[What the task asks]
Any picture in the data below should be skipped, while every line is repeated exactly.

[Data segment]
◆ ◆ ◆
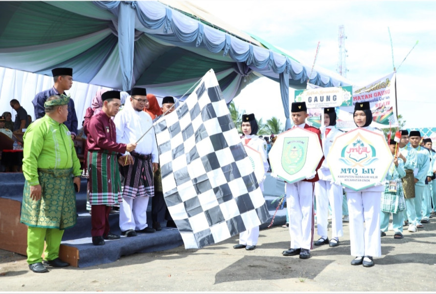 INHIL,- Ketua DPRD Indragiri Hilir (Inhil), Iwan Taruna menyaksikan pelepasan Pawai Ta’aruf Musabaqah Tilawatil Qur’an (MTQ) ke 54 Tingkat Kabupaten Inhil di Kecamatan Enok, Minggu (15/12).
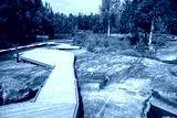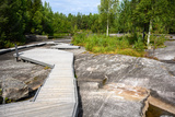 Walkway at area of prehistoric petroglyphs with stone and water in Zalavruga, Karelia, Russia
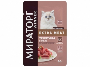 Winner extra meat պահածոյացված հորթի ժելե,1-12 ամսեկան կատուների համար 80գր
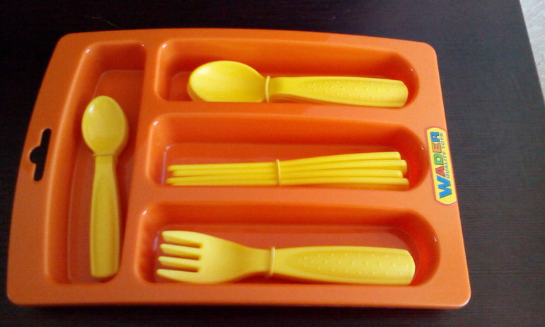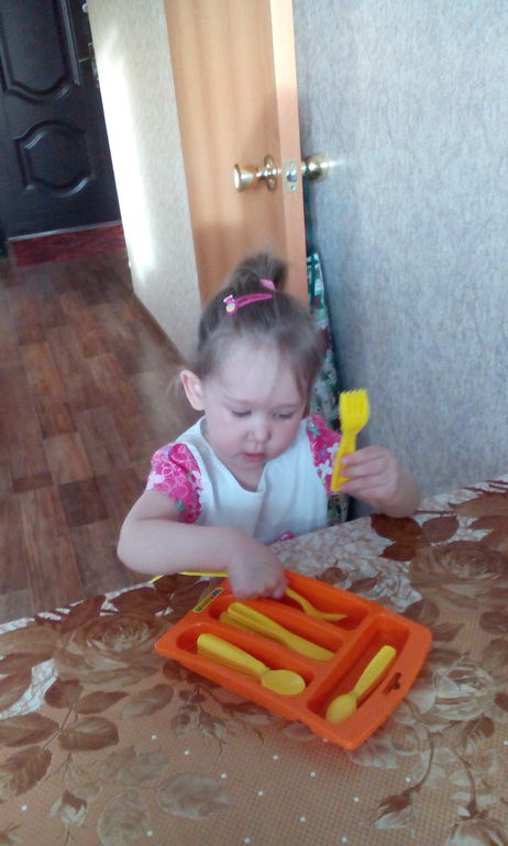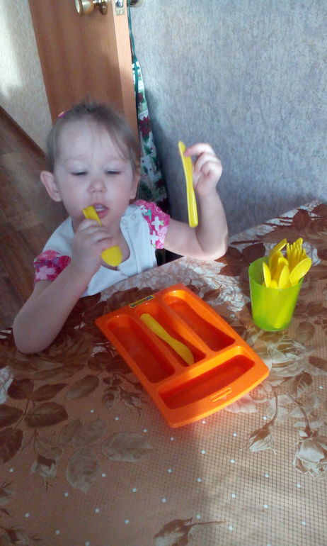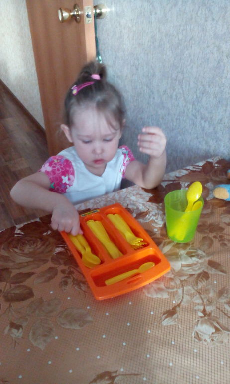Прикольно)) а я своей обычный даю, только вилки-ножи убираю. Сортировкой у нас пока и не пахнет, просто все одну ячейку складывает или вообще раскидывает.
◆ ◆ ◆
[Your response]
 INHIL,- Ketua DPRD Indragiri Hilir (Inhil), Iwan Taruna menyaksikan pelepasan Pawai Ta’aruf Musabaqah Tilawatil Qur’an (MTQ) ke 54 Tingkat Kabupaten Inhil di Kecamatan Enok, Minggu (15/12).
 Walkway at area of prehistoric petroglyphs with stone and water in Zalavruga, Karelia, Russia
 Winner extra meat պահածոյացված հորթի ժելե,1-12 ամսեկան կատուների համար 80գր
Прикольно)) а я своей обычный даю, только вилки-ножи убираю. Сортировкой у нас пока и не пахнет, просто все одну ячейку складывает или вообще раскидывает.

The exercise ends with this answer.